■ How to complete this task
Once the pictures are set aside, transcribe the remaining data exactly.

START Data excerpt

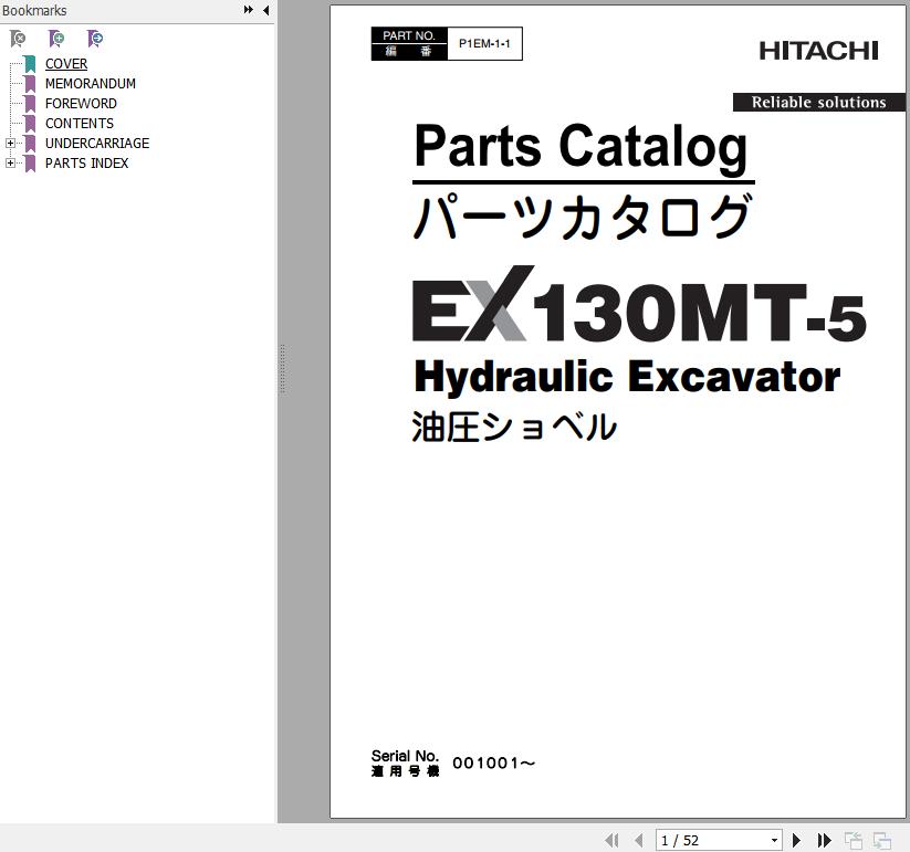 Hitachi EX130MT-5 Parts Catalog P1EM-1-1
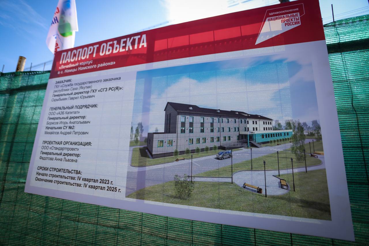 Айсен Николаев отметил, что новое трёхэтажное здание нового лечебного корпуса Намской ЦРБ будет возводиться по национальному проекту «Здравоохранение», реализуемому по поручению Президента России Владимира Путина.
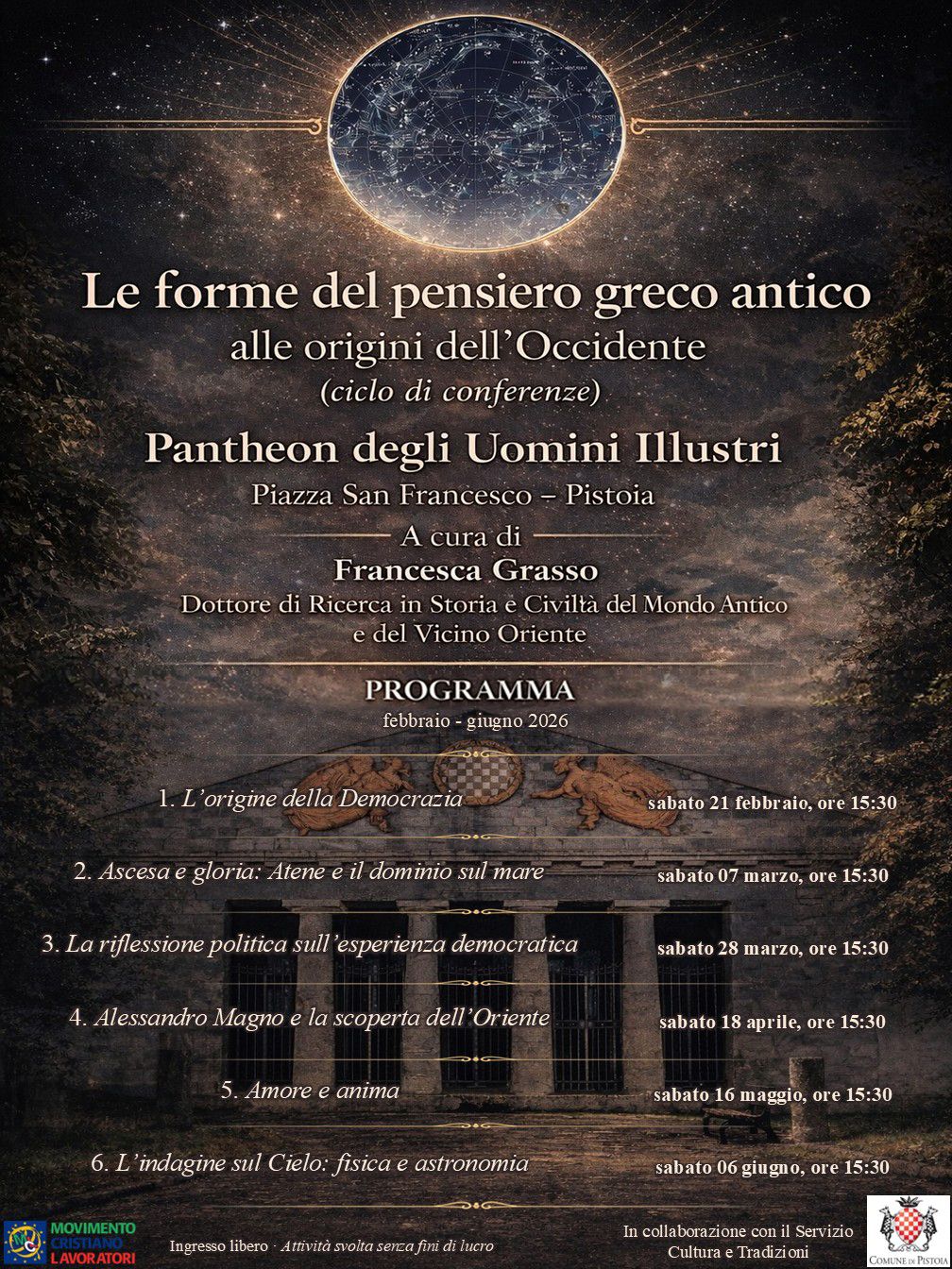 Il ciclo organizzato dal Movimento Cristiano Lavoratori con il Comune di Pistoia e rientra negli eventi di Pistoia Capitale Italiana del libro 2026
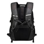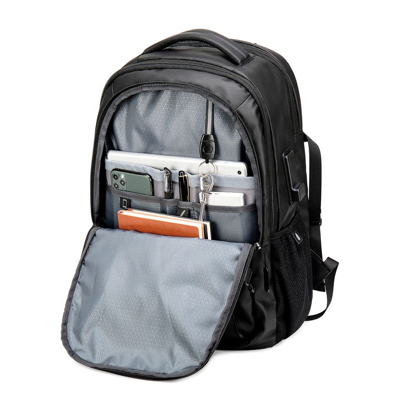 Fabricada en poliéster impermeable y resistente a rasguños, la mochila protege tus dispositivos y objetos personales. Cuenta con compartimento acolchado para laptops de hasta 16”, compartimento principal de gran capacidad con doble cremallera, compartimento delantero con bolsillos para billetera, celular, lapiceros y iPad, además de bolsillos laterales para botella o sombrilla y un bolsillo posterior oculto. Incluye porta llaves desmontable y agujero para audífonos, asegurando comodidad y practicidad en cada uso.

END Data excerpt

■ Answer
 Hitachi EX130MT-5 Parts Catalog P1EM-1-1
 Айсен Николаев отметил, что новое трёхэтажное здание нового лечебного корпуса Намской ЦРБ будет возводиться по национальному проекту «Здравоохранение», реализуемому по поручению Президента России Владимира Путина.
 Il ciclo organizzato dal Movimento Cristiano Lavoratori con il Comune di Pistoia e rientra negli eventi di Pistoia Capitale Italiana del libro 2026
 Fabricada en poliéster impermeable y resistente a rasguños, la mochila protege tus dispositivos y objetos personales. Cuenta con compartimento acolchado para laptops de hasta 16”, compartimento principal de gran capacidad con doble cremallera, compartimento delantero con bolsillos para billetera, celular, lapiceros y iPad, además de bolsillos laterales para botella o sombrilla y un bolsillo posterior oculto. Incluye porta llaves desmontable y agujero para audífonos, asegurando comodidad y practicidad en cada uso.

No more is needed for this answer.